There is also the Town of Westfield in Sauk County.

Westfield is a town located in Marquette County, Wisconsin, United States. As of the 2020 census, the town had a total population of 789. The Village of Westfield is located mostly within the town. The unincorporated community of Lawrence is also located in the town.
== Geography ==
According to the United States Census Bureau, the town has a total area of 28.986 square miles (75,074.392 km^{2}), of which 28.463 square miles (73,719.415 km^{2}) is land and 0.523 square miles (1,354.977 km^{2}) is water.

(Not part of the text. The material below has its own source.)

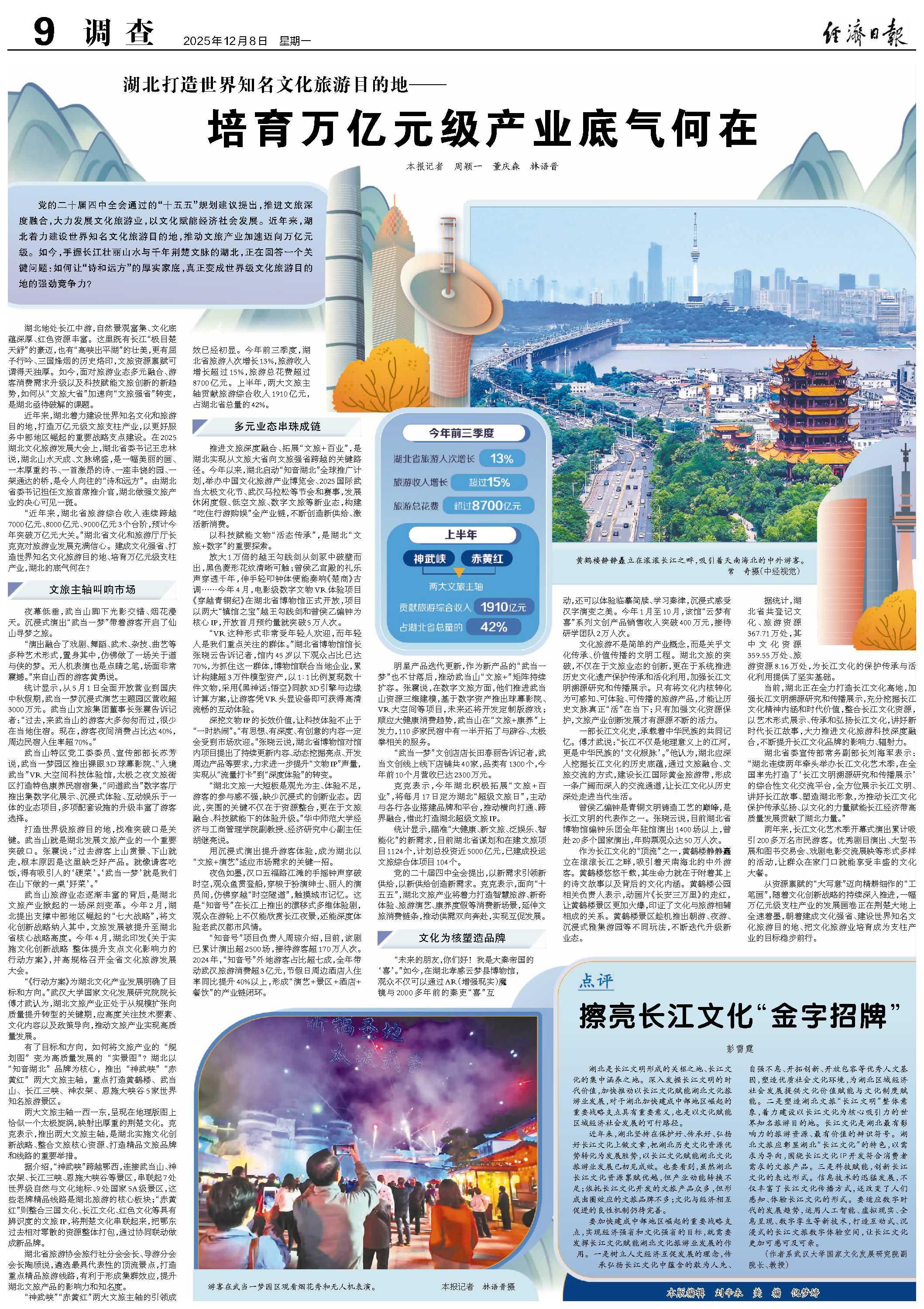 党的二十届四中全会通过的“十五五”规划建议提出,推进文旅深度融合,大力发展文化旅游业,以文化赋能经济社会发展。近年来,湖北着力建设世界知名文化旅游目的地,推动文旅产业加速迈向万亿元级。如今,手握长江壮丽山水与千年荆楚文脉的湖北,正在回答一个关键问题:如何让“诗和远方”的厚实家底,真正变成世界级文化旅游目的地的强劲竞争力?

The total area is 1.80484578549767% water.

== Demographics ==
As of the census of 2000, there were 689 people, 279 households, and 210 families residing in the town. The population density was 24.3 inhabitants per square mile (9.4/km^{2}). However, the current population signs read 1125 for the Township/Village of Westfield. There were 414 housing units at an average density of 5.6 persons/km^{2} (14.6 persons/sq mi). The racial makeup of the town was 98.98% White, 0.15% African American, 0.00% Native American, 0.73% Asian, 0.15% Pacific Islander, 0.00% from other races, and 0.00% from two or more races. 0.73% of the population were Hispanic or Latino of any race.

There were 279 households, out of which 26.5% had children under the age of 18 living with them, 67.4% were married couples living together, 4.7% had a woman whose husband does not live with her, and 24.7% were non-families. 20.1% of all households were made up of individuals, and 9.0% had someone living alone who was 65 years of age or older. The average household size was 2.46 and the average family size was 2.74.

In the town, the population was spread out, with 21.6% under the age of 18, 4.4% from 18 to 24, 27.3% from 25 to 44, 25.7% from 45 to 64, and 21.0% who were 65 years of age or older. The median age was 43 years. For every 100 females, there were 98.6 males. For every 100 females age 18 and over, there were 100.7 males.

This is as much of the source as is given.